Unlike directional models, which read text input sequentially (left to right or right to left), the Transformer encoder reads the entire sequence of words at once.


There are three ways we can transfer learning from pretrained models:

  • Feature extraction: where the pretrained layer is used to extract only features like using BatchNormalization to convert the weights to a range between 0 and 1 with a mean of 0. In this method, the weights are not updated during backpropagation. This is what is marked as untrainable in the model summary.
  • Fine tuning(Fine Tuning): Something this article is about, where BERT is ideal for this task, because it is trained to answer questions. So we just have to adjust the model to suit our purpose. Technically Fine Tunning It is the process in which the parameters of a trained model must be adjusted very precisely while we try to validate that model taking into account a small data set that does not belong to the original set.
  • Extract layers- In this method, we extract only the layers needed for the task, for example, we might want to extract only the lower-level layers in BERT to perform tasks like POS, sentiment analysis, etc., where only level characteristics would be extracted word of mouth.

Apply transfer learning.

For transfer learning, we generally have two steps. Use data set X to previously train your model and then we will use that previously trained model to bring that knowledge to the resolution of data set B. In this case, BERT has been previously trained in BookCorpus and Wikipedia and will be the one we will use to our practice on a specific text, where we can ask you questions so that using natural language, you can answer them correctly.

For this we will use the Python programming language and the Machine Learning library, Pytorch. We will load our pre-trained BERT model, which we can find at and we will pass you a text on a specific topic, for example the Biography of Miguel Cervantes, the first chapter of Moby Dick or any article that we can find on the Internet. Our model will use BERT to understand the context of the article that we have passed to it and in this way to be able to answer questions that we ask in relation to it.

For example, ask him where Cervantes was born or who his brothers were or where he enlisted when he was young.

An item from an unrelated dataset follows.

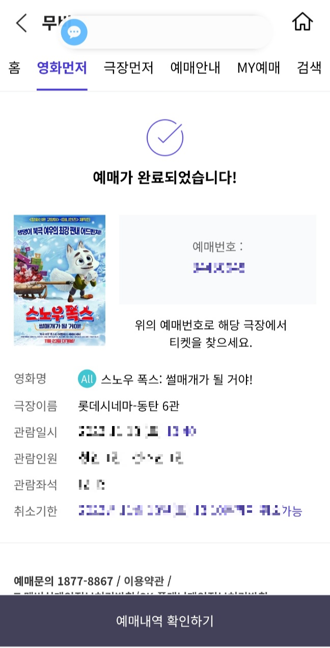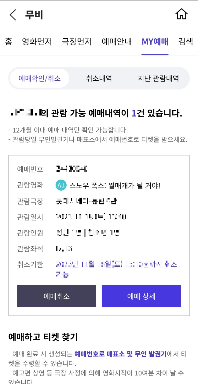 예매내역 확인하기를 선택하면, 아래와 같이 예매한 내용을 확인할 수 있으니 참고하세요.

The idea is that questions can be asked with a natural language without having to specify in a concrete way or use the same words as the text learned by the AI.

Original video of the practice

Texts used for practice: Cervantes y Moby Dick


We are facing a new paradigm of the known Natural Language Processing (NLP)Recent advances in research have been dominated by the combination of transfer learning methods with language models Transformers on a large scale.

Building these general-purpose models is still a costly and time-consuming process that restricts the use of these methods to a small subset of the NLP community. With the Transformers, a paradigm shift occurred, with the new idea to train a model on a later task going from a blank specific model to a general-purpose pre-trained architecture.

As NLP becomes a key aspect of AI, the democratization of Transformers will open more doors for emerging researchers. The option that state-of-the-art pre-trained models like BERT can be accessed without having to build them from scratch will give professionals an edge so they can focus on their goal rather than reinventing big models.